Task goal. In the data below, set down exactly the lines from the one containing "Podem acompanhar todas" up to and including the one containing "This insert is". Leave the pictures out.

BEGIN Given information

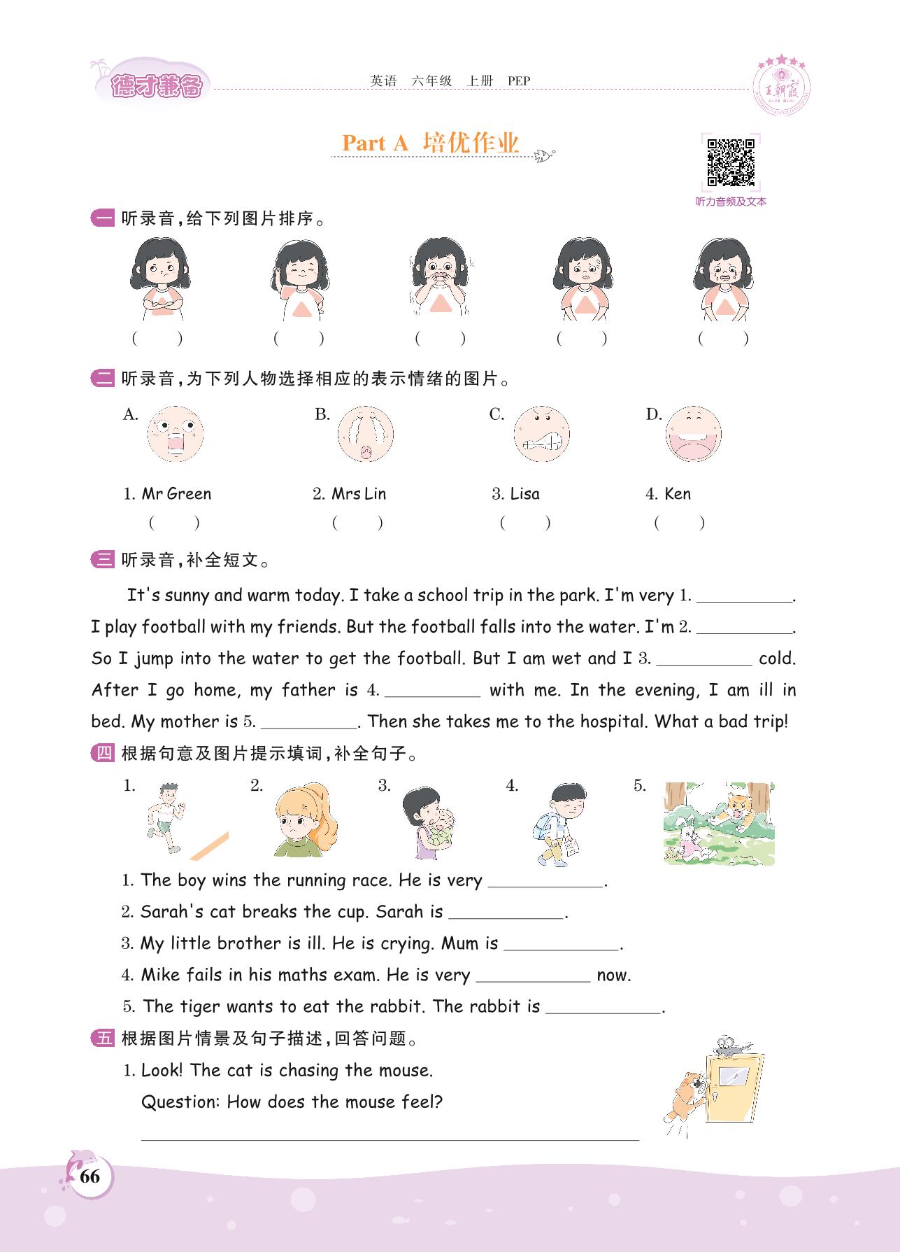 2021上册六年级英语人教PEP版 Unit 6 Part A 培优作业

END Given information
BEGIN Given information

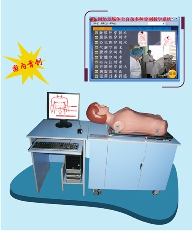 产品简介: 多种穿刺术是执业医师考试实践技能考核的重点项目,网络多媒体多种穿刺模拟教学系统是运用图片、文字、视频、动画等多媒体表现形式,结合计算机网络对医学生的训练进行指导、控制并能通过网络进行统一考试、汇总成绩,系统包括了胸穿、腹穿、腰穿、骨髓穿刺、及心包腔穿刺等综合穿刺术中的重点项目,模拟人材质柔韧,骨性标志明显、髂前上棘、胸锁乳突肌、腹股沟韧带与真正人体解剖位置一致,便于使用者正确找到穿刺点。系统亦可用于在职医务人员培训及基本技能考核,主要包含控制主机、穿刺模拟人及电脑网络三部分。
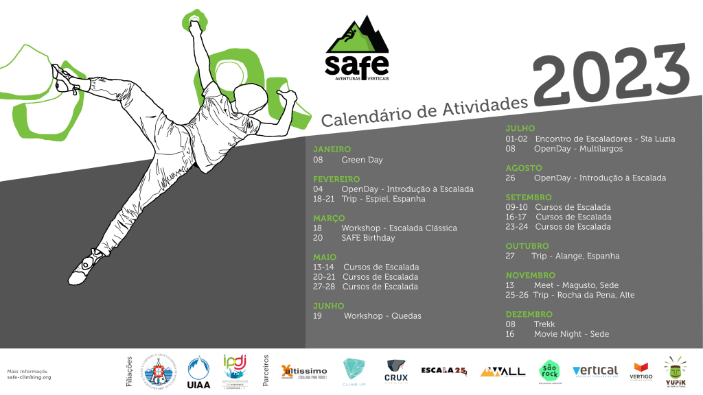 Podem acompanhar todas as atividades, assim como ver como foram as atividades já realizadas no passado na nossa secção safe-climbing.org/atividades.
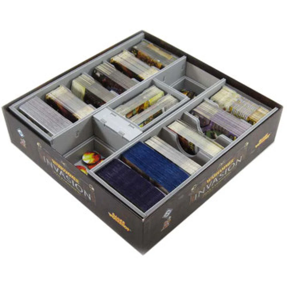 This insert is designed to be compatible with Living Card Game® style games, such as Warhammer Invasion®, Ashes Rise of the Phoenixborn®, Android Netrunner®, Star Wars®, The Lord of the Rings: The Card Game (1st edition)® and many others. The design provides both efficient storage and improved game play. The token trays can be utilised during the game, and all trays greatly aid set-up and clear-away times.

END Given information
BEGIN Given information

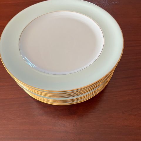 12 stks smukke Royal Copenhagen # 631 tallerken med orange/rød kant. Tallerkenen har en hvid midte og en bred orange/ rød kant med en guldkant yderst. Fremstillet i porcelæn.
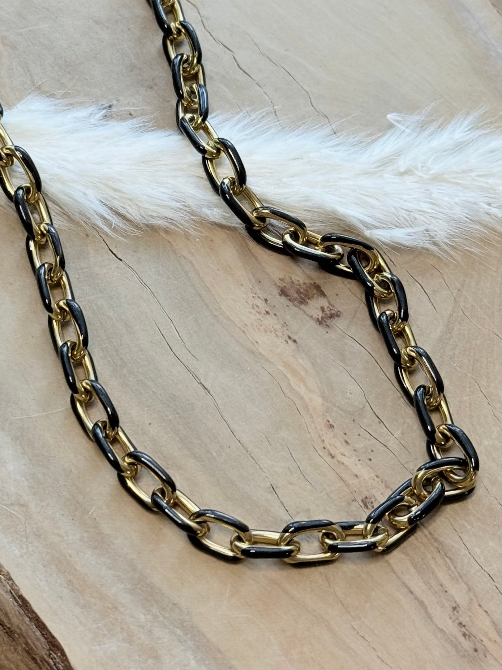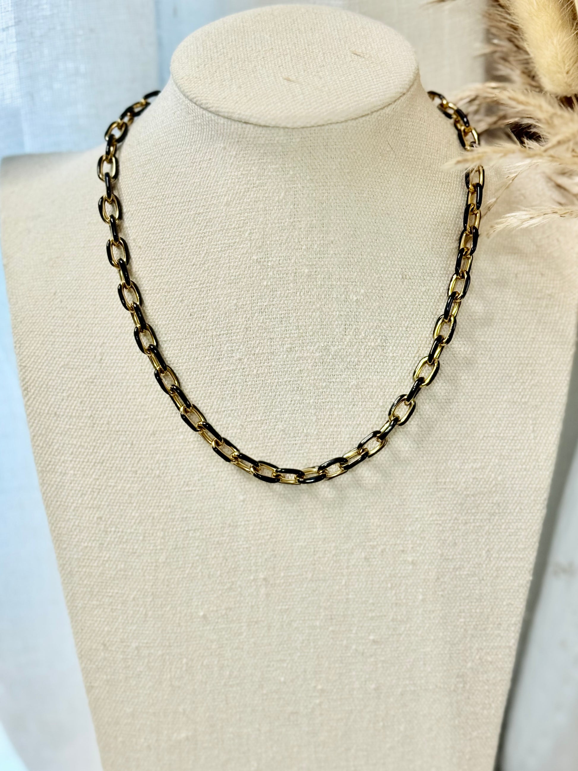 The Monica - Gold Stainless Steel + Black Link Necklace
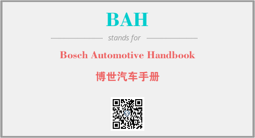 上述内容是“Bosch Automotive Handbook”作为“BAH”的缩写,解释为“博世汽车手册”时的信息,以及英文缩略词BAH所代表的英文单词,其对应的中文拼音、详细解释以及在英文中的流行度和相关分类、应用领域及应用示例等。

END Given information

Answer box.
 Podem acompanhar todas as atividades, assim como ver como foram as atividades já realizadas no passado na nossa secção safe-climbing.org/atividades.
 This insert is designed to be compatible with Living Card Game® style games, such as Warhammer Invasion®, Ashes Rise of the Phoenixborn®, Android Netrunner®, Star Wars®, The Lord of the Rings: The Card Game (1st edition)® and many others. The design provides both efficient storage and improved game play. The token trays can be utilised during the game, and all trays greatly aid set-up and clear-away times.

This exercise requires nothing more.